The majority of the patients with congenital adrenal hyperplasia, for example, have mutations in CYP21A2, while a smaller proportion of patients with the same condition have mutations in one of the four other genes that give rise to similar phenotypes (24) (POR, STAR, HSD3B2, CYP11B1, and CYP17A1). Sequencing all six genes by current methods would cost over $10,000. Assuming that we pool a minimum of seven bar-coded samples for one reaction worth of targeted baits and sequence on one lane of an Illumina HiSeq2000 flow cell with 50-bp paired-end reads, our comprehensive sequencing approach would cost less than $1000 per sample. Included in this cost per sample is the labor and reagents for library preparation ($350), cost of targeted baits ($150), bioinformatic analysis ($200), and the full-sequencing service ($300). Even with the additional costs that need to be factored in if performed within a clinical setting, such as hospital overhead, maintenance of CLIA, CAP and state certifications, and the higher labor costs of licensed medical technologists, the proposed method would come out to be significantly cheaper while providing more information than current one-gene-at-a-time Sanger sequencing approaches. While endocrine testing and radiological imaging can help to prioritize the order in which genes are sequenced, these tests may lengthen the diagnostic process, increase costs, and are sometimes invasive. Sequencing all the genes upfront requires only a blood draw, and the entire process can be completed in less than 3 weeks, which is shorter than the turnaround time for clinical molecular genetic sequencing tests for single genes.
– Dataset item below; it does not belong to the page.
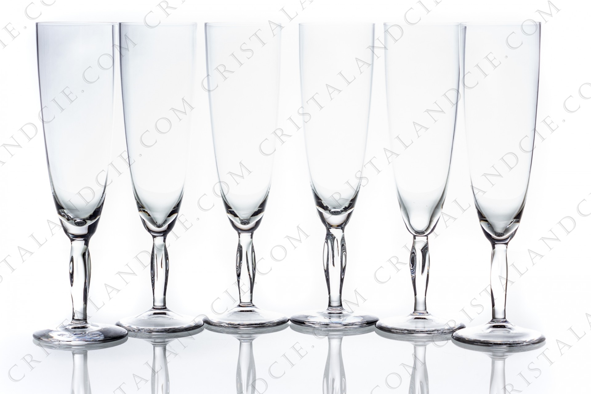 Série de six flûtes à Champagne en cristal de Daum modèle Ovédélia présentant un pied torsadé. Quelques micro-rayures. Ht: 20,7 cm Diam: 5,2 cm.
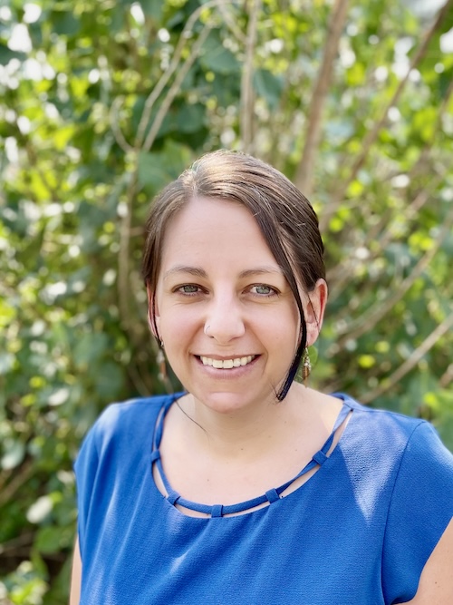 Therapist Emily Cunningham outdoors wearing a light colored shirt

Several groups have explored similar targeted sequencing approaches to encompass all known genes conferring an inherited risk of breast/ovarian cancer, congenital ocular disorders, or hereditary hearing loss (16, 25, 26). Both commercial and academic reference laboratories have realized the utility of such panels, and now offer sequencing services for all genes causing various cardiomyopathies, and other phenotypic traits associated with 20 or more genes (27). All of these approaches simply replace the current one-gene-at-a-time sequencing tests traditionally offered, reducing the cost while increasing the diagnostic yield. However, we have yet to see a systematic reevaluation of the powerful role that such genetic diagnosis can play in early diagnosis and management. By integrating these diagnostic tools into the clinical framework, we might eliminate unnecessary tests and the risks, costs, and diagnostic delays associated with them. Furthermore, with the cost of whole-genome sequencing soon falling below the aggregate cost of performing standard Sanger sequencing on two or three single genes, it is likely that health care systems will be reluctant to cover the latter, when much more comprehensive diagnostic information can be gained for the same price by massively parallel sequencing.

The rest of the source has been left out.